From this perspective, Rivian stock looks extraordinarily cheap, especially following the recent correction. But does that make shares a buy? You might be surprised by the answer.

Rivian Automotive

Today’s Change

(-1.79%) $-0.28

Current Price

$15.33

Don’t compare other EV stocks to Tesla

The valuation gap between Rivian and Tesla is huge. The same is true for Lucid’s valuation versus Tesla’s. And while relative valuation techniques are still useful in this context, you’ll need to take this valuation gap with a grain of salt.

For years, Tesla has been one of the largest EV makers in the world, particularly in key markets like the United States. The company has universal name brand recognition, with existing manufacturing capabilities that smaller competitors can only dream of.

All this provides Tesla with a steep capital advantage. The company doesn’t need to worry about financial insolvency and can afford to dedicate billions of dollars per year for growth opportunities.

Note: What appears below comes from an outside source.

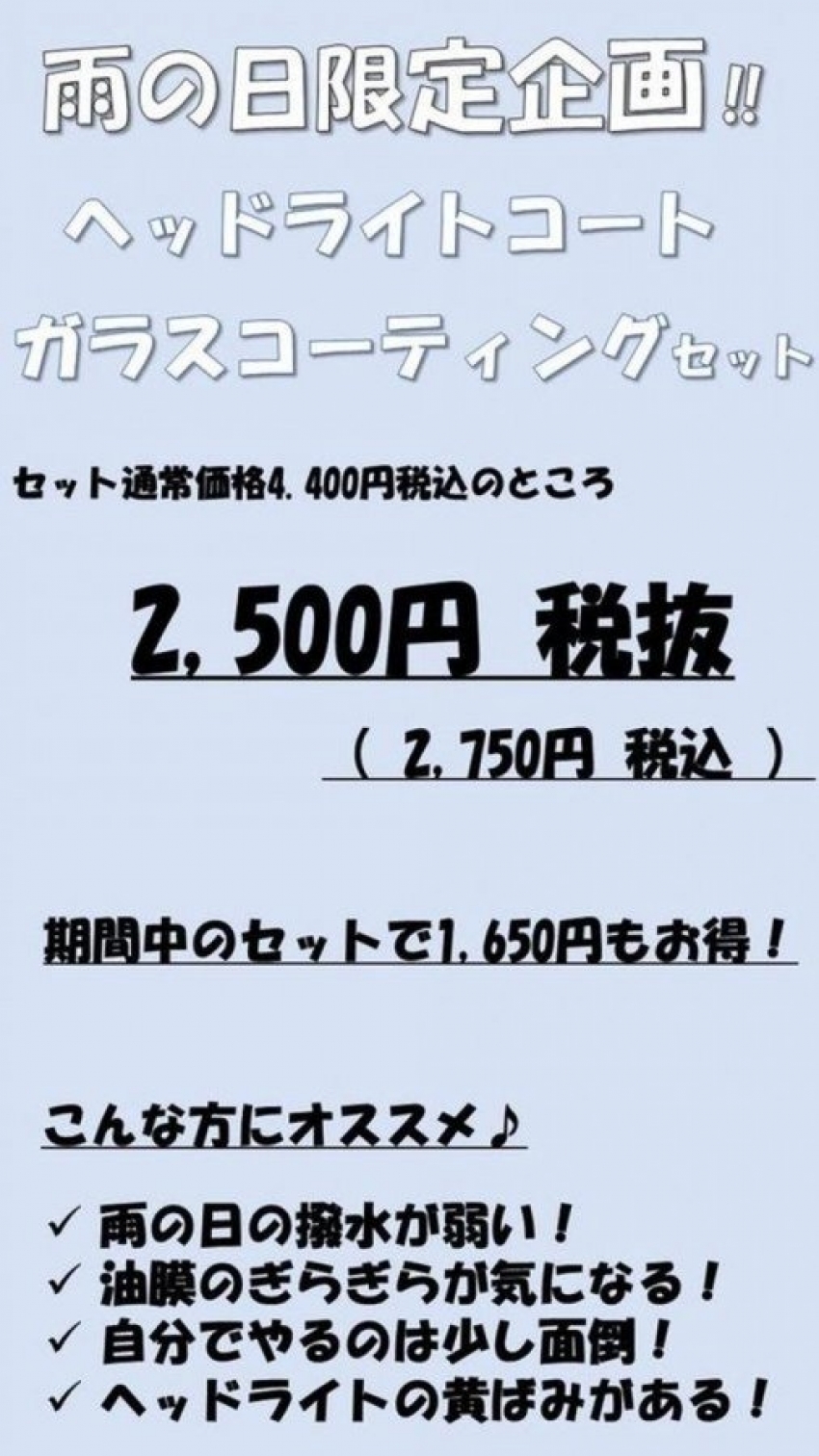 雨の日限定企画!!ヘッドライト&ガラスコーティングセット!

I’m very encouraged by Rivian’s efforts to move into self-driving technology and artificial intelligence (AI). But when it comes to the sheer financial ability to scale up autonomous and AI capabilities, Tesla is significantly ahead of Rivian. Even big tech firms like Alphabet — the parent company of Google that operates the popular Waymo autonomous taxi service in parts of the U.S. — can easily outspend Rivian in these categories. This gives Tesla and participating big tech firms a considerable advantage in lucrative markets like robotaxis, which some experts believe could eventually be worth $5 trillion to $10 trillion globally.

In short, don’t buy Rivian shares simply because they are miles cheaper than Tesla stock. The valuation gap is largely warranted. But that doesn’t mean Rivian isn’t an attractive buy at these prices. In fact, 2026 could be a pivotal year for Rivian’s growth trajectory, even though its current valuation doesn’t fully reflect this year’s potential.

Image source: Rivian.

Rivian should exceed expectations in 2026

A major factor behind Rivian’s discounted valuation has been its stagnating growth. When Rivian stock traded at a price-to-sales ratio of 8 and above, sales were growing by 50% or more annually. In recent quarters, that growth rate has flatlined, leading to a sharply lower valuation.

RIVN PS Ratio data by YCharts

I expect growth rates to pick up considerably in 2026 following the release of Rivian’s first mass-market vehicle: the R2. This will be the first of three new models, all priced under $50,000, that the company expects to release in 2026 and 2027. When Tesla released its first affordable models — the Model Y and Model 3 — growth rates surged. The same should prove true for Rivian.

Right now, analysts expect sales growth of just 6% in 2026 for Rivian. This seems very conservative for a company about to release its first affordable model. For reference, Tesla’s two affordable models now account for more than 90% of its vehicle sales. When shipments begin for the R2, great potential exists for Rivian’s growth rates to surprise, likely leading to a sharply improved valuation.